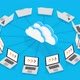 Simple animation showing the idea of cloud computing by linked together group of notebooks. Laptops in a circle receiving data from the cloud. Bright blue technology and network background. 4k
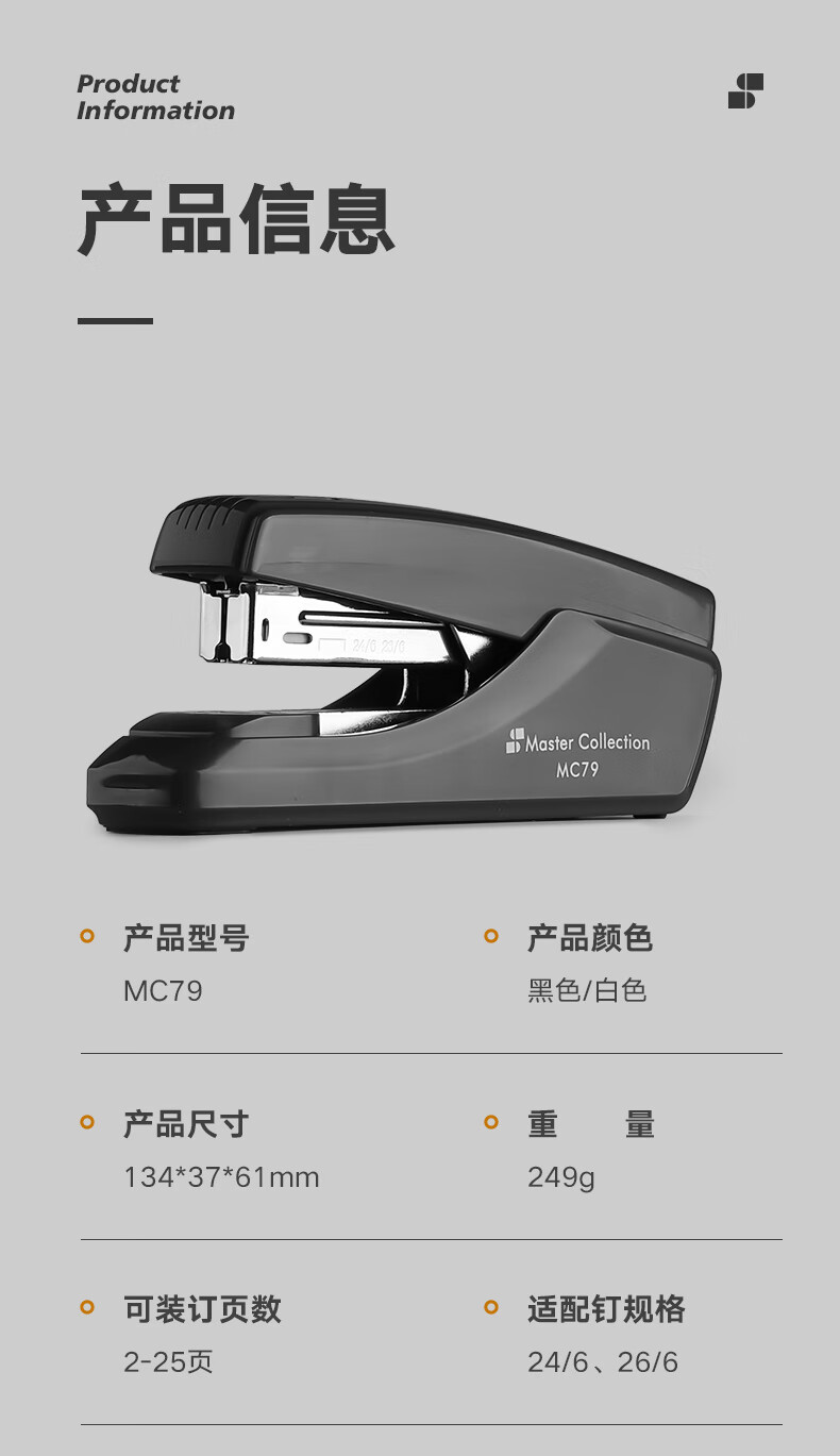 商品名称:三木(SUNWOOD)名匠系列 25页省力型平钉订书机 平钉包角 MC79 深灰色 商品编号:196661623 品牌:三木 上架时间: 商品毛重:0克
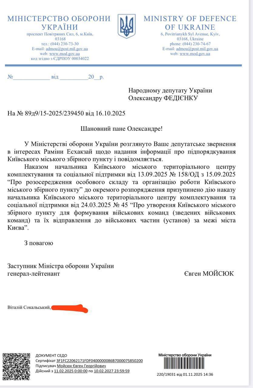 Як свідчить фотокопія відповіді від оборонного відомства, наказ про утворення Київського міського збірного пункту на ДВРЗ призупинили.
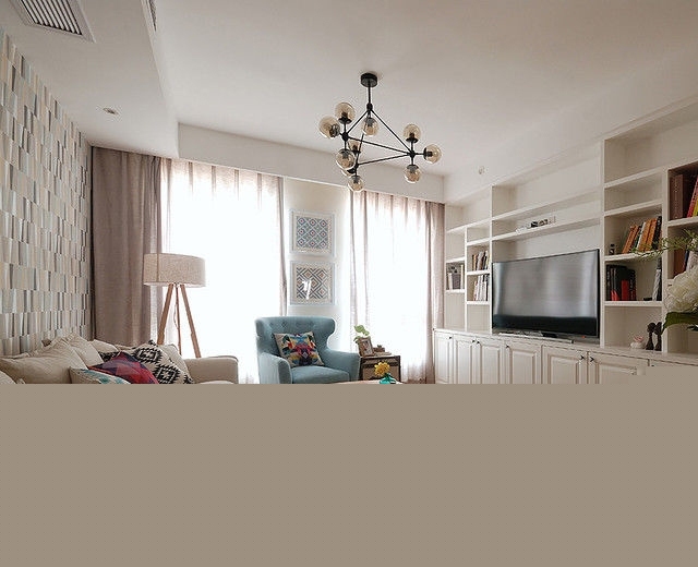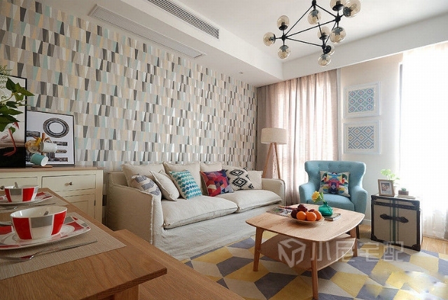 中性色的家具,原木的紋理,抽象的圖形營(yíng)造出恬靜而又輕松,溫馨而又活潑的氛圍。
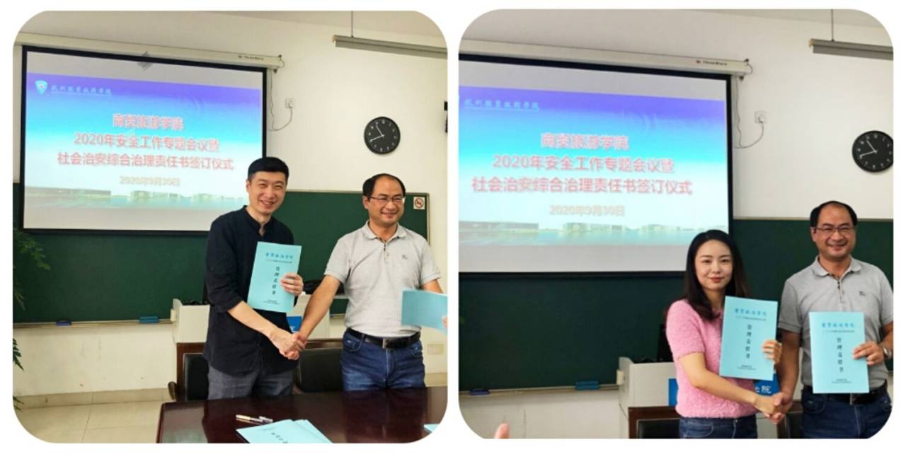 会议开始,张赵根与专业代表和部门代表签订了社会治安综合治理责任书,他说,签订仪式不仅是一种责任传达,更是一种责任落实和责任担当。袁江军做了教学实训室安全工作指示,他提醒教师在做好公司产品工作、实训室安全工作的同时,也要注意自身意识形态建设。周佳良提醒全体教职工注意节假日安全、人身安全和财产安全。
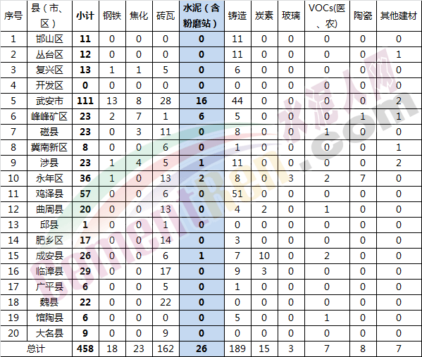 注:各县(市、区)进一步核实本区域10个重点行业错峰生产企业底数,未上报按漏报计,采暖季一律停产。
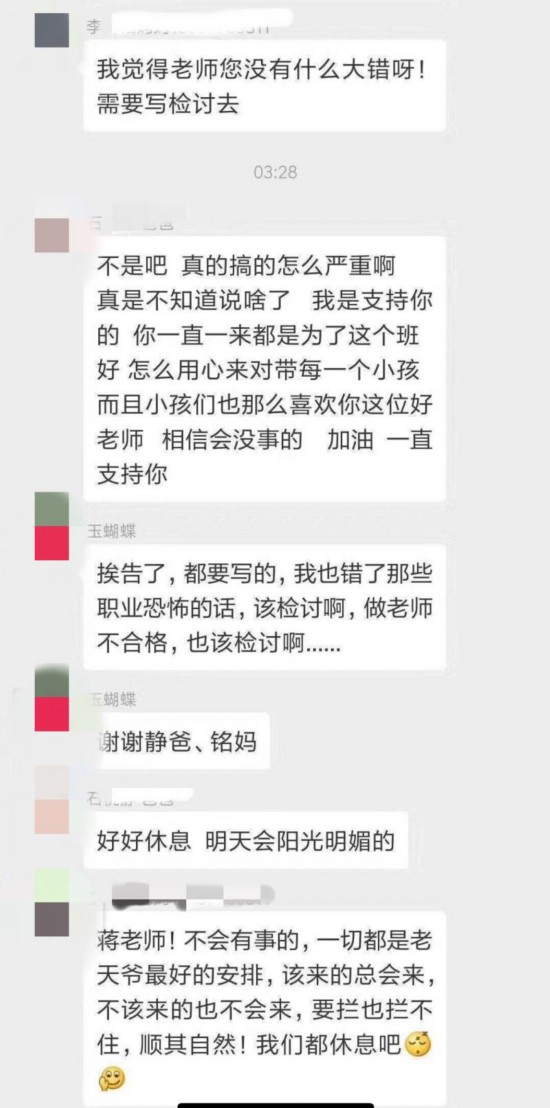 对于蒋玉芬在三年二班家族群中的这些说法,有的家长对她表示安慰和支持,并有家长认为“老师没有什么大错,需要写检讨的”。此外,还有多名家长对于该老师不能再担任三年二班班主任一事表示“无法接受”,并认为“一个人影响了54个人,54个家庭”。
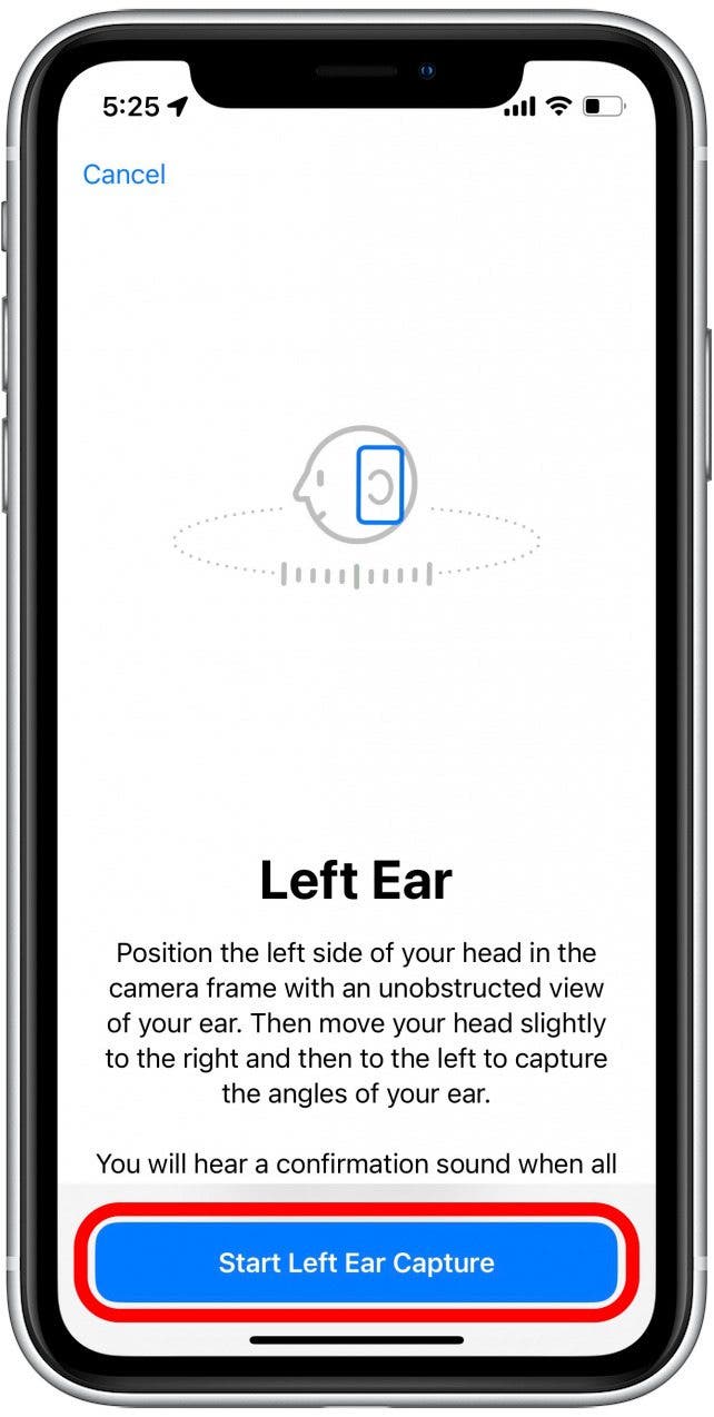 - 接下来,系统将指示您扫描每只耳朵。如果您将手机放在距头部约一臂的距离处,此方法效果最佳。然后,您需要将摄像头对准您的耳朵,并慢慢转动头部,以便摄像头扫描您耳朵的各个角度。轻敲开始左/右耳捕捉当您正确放置手机时。
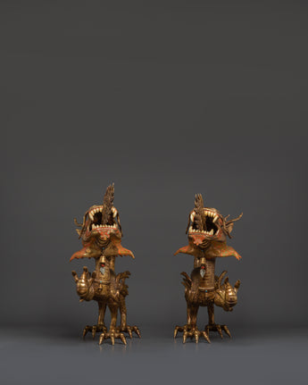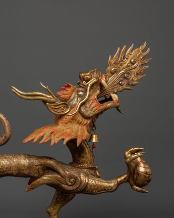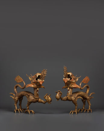 These copper and expertly gold-plated statues display a brilliant blend of materials, emphasizing the renowned Chinese dragon's symbolic power. Each piece weighs around 10.59 kg, for a total weight of 21.13 kg, making them substantial additions to your area. The careful design highlights the dragons' mythological spirit, conveying their tremendous energy and dominating presence. Placing these statues together or individually will create a focal point representing guardianship and cultural legacy.
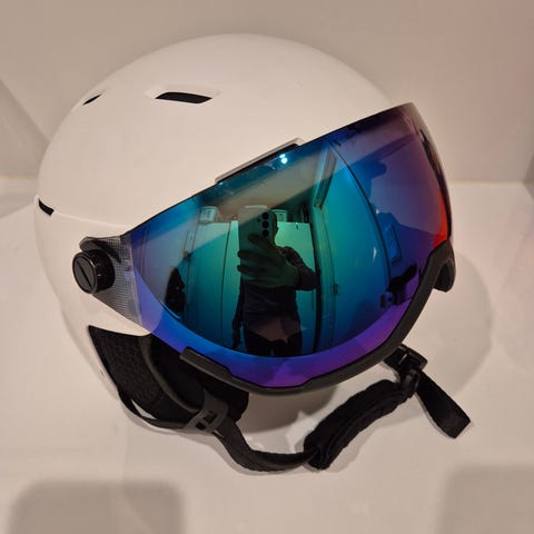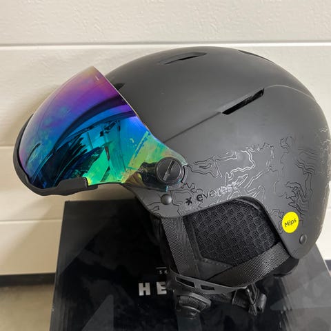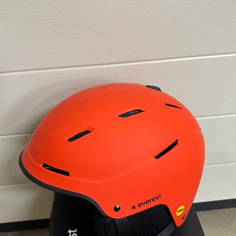 A ski helmet from everest in excellent condition. The built-in glasses give a very wide field of view and are convenient. The helmet has the mips safety system and a comfortable interior. Also adjustable air intakes. Original price 100€

^^^^^^^^

Starting at the line above that holds "商品名称:三木(SUNWOOD)名匠系列 25页省力型平钉订书机 平钉包角", return each line up to and including the one that holds "- 接下来,系统将指示您扫描", exactly as written, minus any pictures.

 商品名称:三木(SUNWOOD)名匠系列 25页省力型平钉订书机 平钉包角 MC79 深灰色 商品编号:196661623 品牌:三木 上架时间: 商品毛重:0克
 Як свідчить фотокопія відповіді від оборонного відомства, наказ про утворення Київського міського збірного пункту на ДВРЗ призупинили.
 中性色的家具,原木的紋理,抽象的圖形營(yíng)造出恬靜而又輕松,溫馨而又活潑的氛圍。
 会议开始,张赵根与专业代表和部门代表签订了社会治安综合治理责任书,他说,签订仪式不仅是一种责任传达,更是一种责任落实和责任担当。袁江军做了教学实训室安全工作指示,他提醒教师在做好公司产品工作、实训室安全工作的同时,也要注意自身意识形态建设。周佳良提醒全体教职工注意节假日安全、人身安全和财产安全。
 注:各县(市、区)进一步核实本区域10个重点行业错峰生产企业底数,未上报按漏报计,采暖季一律停产。
 对于蒋玉芬在三年二班家族群中的这些说法,有的家长对她表示安慰和支持,并有家长认为“老师没有什么大错,需要写检讨的”。此外,还有多名家长对于该老师不能再担任三年二班班主任一事表示“无法接受”,并认为“一个人影响了54个人,54个家庭”。
 - 接下来,系统将指示您扫描每只耳朵。如果您将手机放在距头部约一臂的距离处,此方法效果最佳。然后,您需要将摄像头对准您的耳朵,并慢慢转动头部,以便摄像头扫描您耳朵的各个角度。轻敲开始左/右耳捕捉当您正确放置手机时。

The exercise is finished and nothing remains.